Aside from the possibility that a guest can use up 100% of it's assigned
resources (CPU, Network bandwidth etc) (which if you don't expect it to
use more than 10% can cause interesting effects on the overall system
performance). There are ways to limit any and all of those resources, so
a well configured system wouldn't be able to notice this at all. 

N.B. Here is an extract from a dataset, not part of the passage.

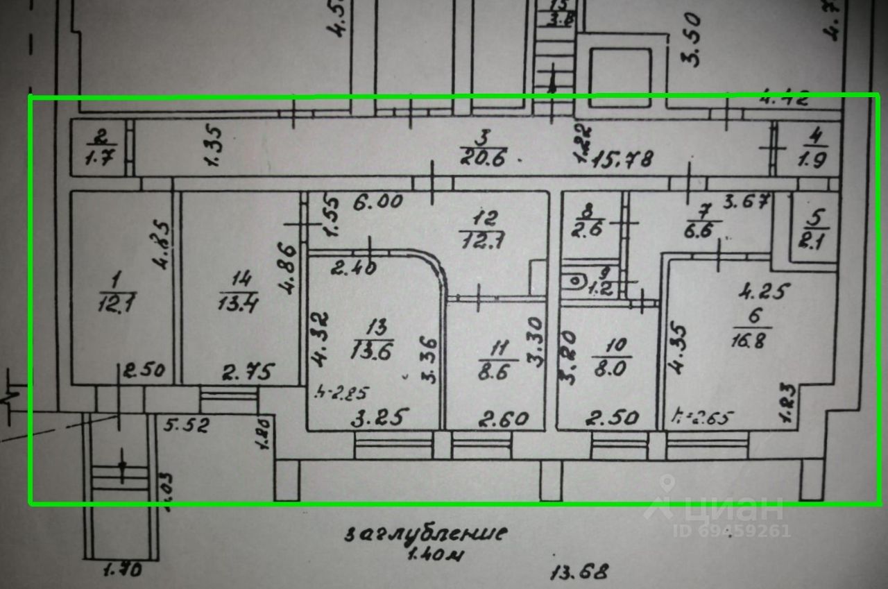 Приемная 12 кв.м., 5 отдельных изолированных кабинетов: 13,4 кв.м., 13,6 кв.м., 8,6 кв.м., 8 кв.м., 16,8 кв.м.

Each guest is protected from getting to any other guest and it's not
possible for example for a guest to access another guests memory or
disk-storage [a guest can ALLOW another guest to access it's memory,
that's how drivers work, but the guest owning the memory must perform a
"grant" operation]. 

So essentially, we have the same situation as if you have two or more
machines running on the same network - if one is compromised, the other
shoulds till stay "safe" as long as the setup itself is secured properly
(e.g. if you have the same passwords on both machines, one could
presumably log in from one to the other knowing the password). 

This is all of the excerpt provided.